▶ About this exercise: Output exactly, and only, the lines below from the one with "Da Vinci's masterpiece" down to the one with "北京时间9月21日14:57,美元指数报110.75。". Include both end lines and no pictures.

▶ Source data:
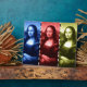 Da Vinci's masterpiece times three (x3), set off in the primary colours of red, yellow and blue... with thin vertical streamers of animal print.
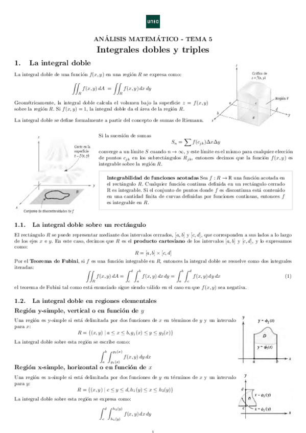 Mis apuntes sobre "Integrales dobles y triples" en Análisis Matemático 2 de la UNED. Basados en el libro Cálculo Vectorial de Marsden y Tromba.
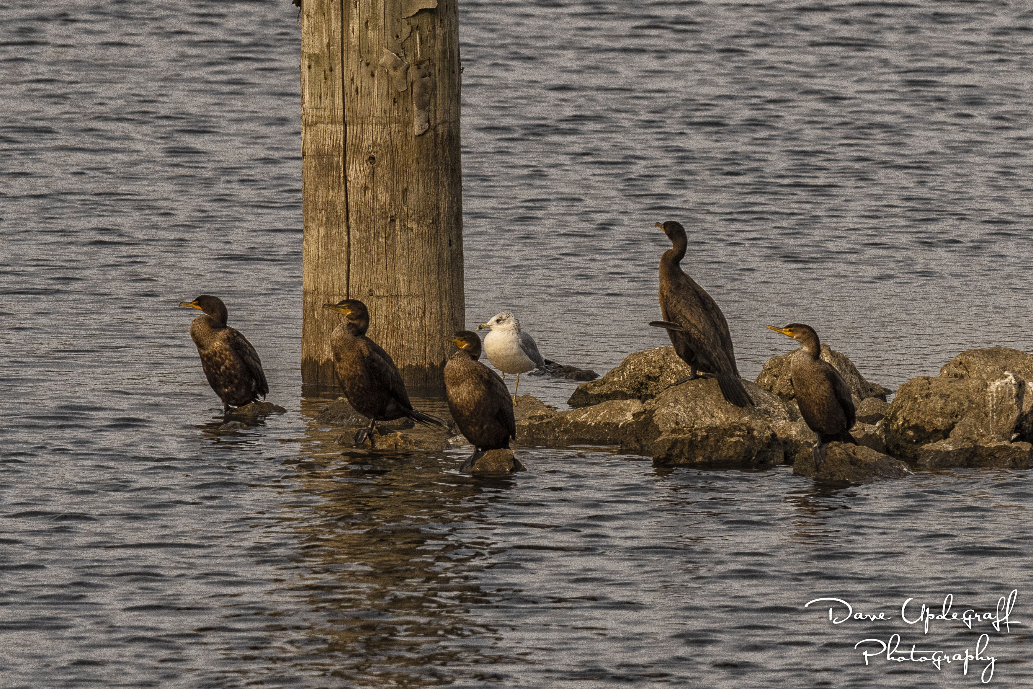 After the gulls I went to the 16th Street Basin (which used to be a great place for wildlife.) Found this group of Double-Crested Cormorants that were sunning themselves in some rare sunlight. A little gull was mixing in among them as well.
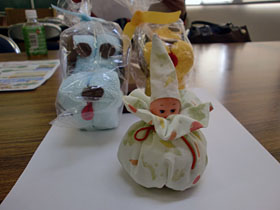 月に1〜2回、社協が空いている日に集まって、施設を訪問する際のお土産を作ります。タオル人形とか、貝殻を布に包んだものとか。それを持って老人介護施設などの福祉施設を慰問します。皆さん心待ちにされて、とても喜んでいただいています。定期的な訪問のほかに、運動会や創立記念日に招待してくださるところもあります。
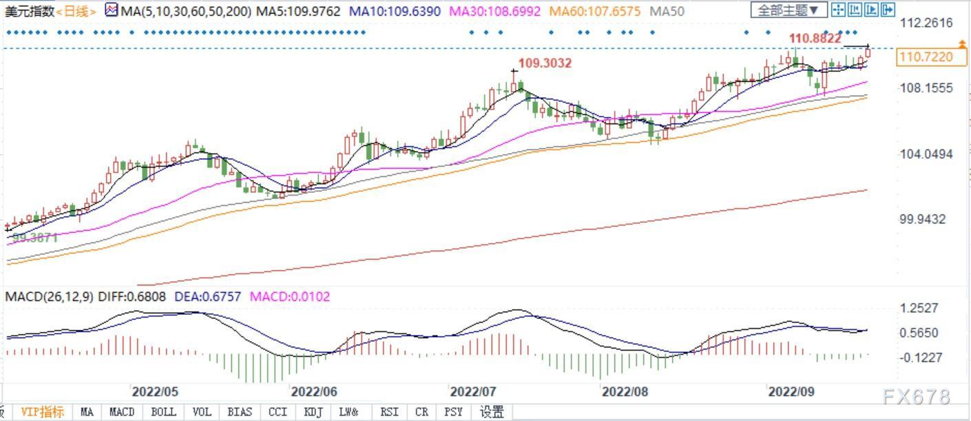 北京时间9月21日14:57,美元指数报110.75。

--

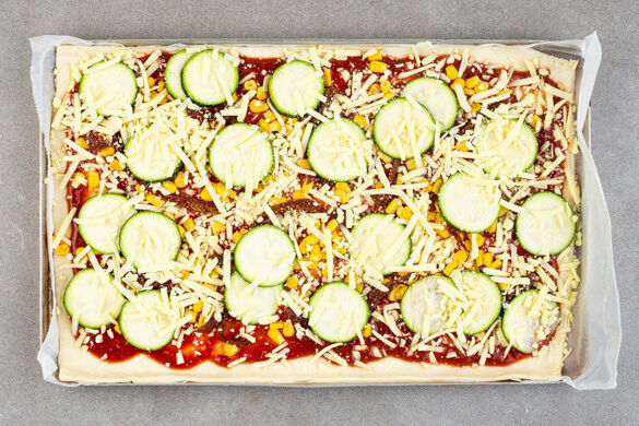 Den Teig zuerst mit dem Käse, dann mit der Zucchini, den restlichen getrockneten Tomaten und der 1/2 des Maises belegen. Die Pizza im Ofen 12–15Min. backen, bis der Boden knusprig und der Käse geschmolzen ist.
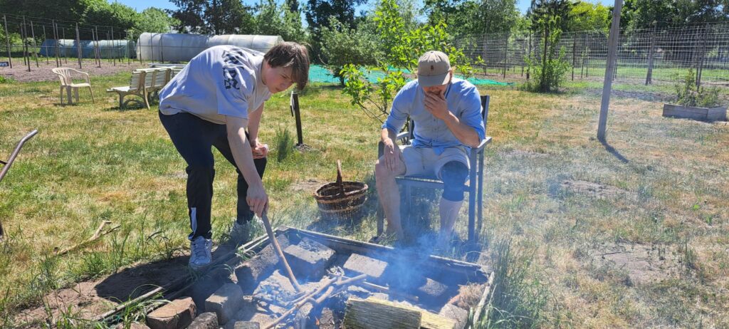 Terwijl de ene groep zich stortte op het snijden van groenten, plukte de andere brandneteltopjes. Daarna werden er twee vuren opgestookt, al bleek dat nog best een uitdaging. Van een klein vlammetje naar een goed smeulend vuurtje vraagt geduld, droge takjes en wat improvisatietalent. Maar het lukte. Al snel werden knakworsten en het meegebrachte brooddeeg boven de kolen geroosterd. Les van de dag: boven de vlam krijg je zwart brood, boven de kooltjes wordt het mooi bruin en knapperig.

▶ Task answer:
 Da Vinci's masterpiece times three (x3), set off in the primary colours of red, yellow and blue... with thin vertical streamers of animal print.
 Mis apuntes sobre "Integrales dobles y triples" en Análisis Matemático 2 de la UNED. Basados en el libro Cálculo Vectorial de Marsden y Tromba.
 After the gulls I went to the 16th Street Basin (which used to be a great place for wildlife.) Found this group of Double-Crested Cormorants that were sunning themselves in some rare sunlight. A little gull was mixing in among them as well.
 月に1〜2回、社協が空いている日に集まって、施設を訪問する際のお土産を作ります。タオル人形とか、貝殻を布に包んだものとか。それを持って老人介護施設などの福祉施設を慰問します。皆さん心待ちにされて、とても喜んでいただいています。定期的な訪問のほかに、運動会や創立記念日に招待してくださるところもあります。
 北京时间9月21日14:57,美元指数报110.75。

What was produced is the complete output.